She and her daughter.

“I snuck to school the next day to tell Sir

Amadi I wanted to sit for the exam. I

wanted him to help with the fee. But to my

surprise, he called my stepmother and told

her about my intention. Although he had

good intentions, that was the worst step

ever. I returned home only to receive the

beating of my life. Most of the scars you

saw, they came from that day.”

“So how did you register for the exams?”

Stella asked.

“I confided in Amarachi. I am forever

indebted to her. If God hadn’t intervened

through her, I would have been a school

drop-out. Do you see all the things I pass

through every day? They treat me like snot.

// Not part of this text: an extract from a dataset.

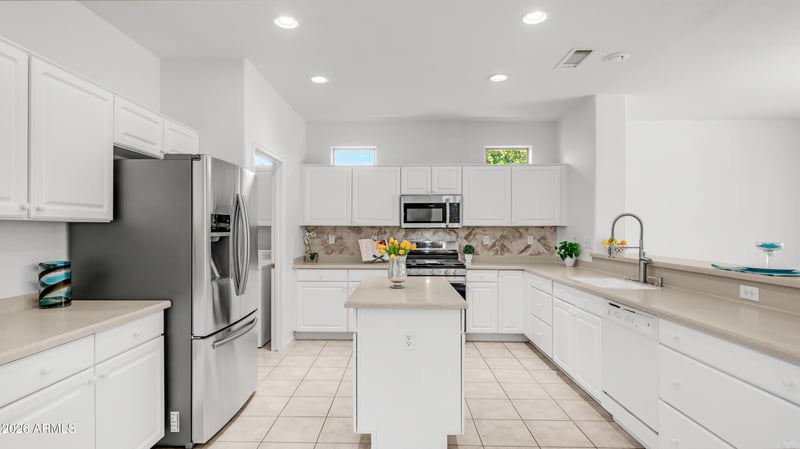 Listing details for 15109 Rounders Dr, Surprise, AZ 85374 : This luxurious, move-in-ready home features a stunning chef's kitchen w/center island, breakfast bar, Corian counters, Walk-in Pantry. The private DEN/ Office has a double-door entrance.*BRAND NEW HVAC, NEWER WATER HEATER, FRESH PAINT INSIDE& OUT* Primary Suite Boasts Dual vanities, Walk-In shower, Bay Window, water closet,& large walk-in Closet. *BONUS THIRD CAR GARAGE!*Extended, Large Covered Rear Patio to relax outside.The Laundry room has a convenient wash-basin. Ceiling Fans.Enjoy this beautifully maintained home where you will find a spacious, & bright Open layout w/formal living & dining areas.

They always remind me I don’t belong in

their family. They tell me I’m an outcast,

and make me pass through unimaginable

pain.”

“This won’t go on like this, my dear.” Stella

rose to her feet, a fierce determination

written all over her face. And although I

knew she had my best intentions at heart, it

frightened me to watch her roam the room

with that look on her face. “It certainly

won’t go on.”

“What can be done?” I asked.

“You are going to have a blood test done, as

soon as today,” she said. “And your

stepmother will have to pay for the

expenses. I will make sure of this.”

“That’s not possible. She’d rather die than

take responsibility for me.”

Stella smirked. And I knew she had a

sinister plan. But what?

“Those wings you think you’ve grown…I’ll

cut them.”

***

Acknowledging my presence, my classmates

quieted as though a ghost had just walked

in. Had a pin dropped, it would not go

unnoticed. They no doubt stared at my

maladroit gait and how my arms didn’t

swing human enough when I walked.

Shaking off the thought, I advanced to the

seat I shared with Amarachi at the far end.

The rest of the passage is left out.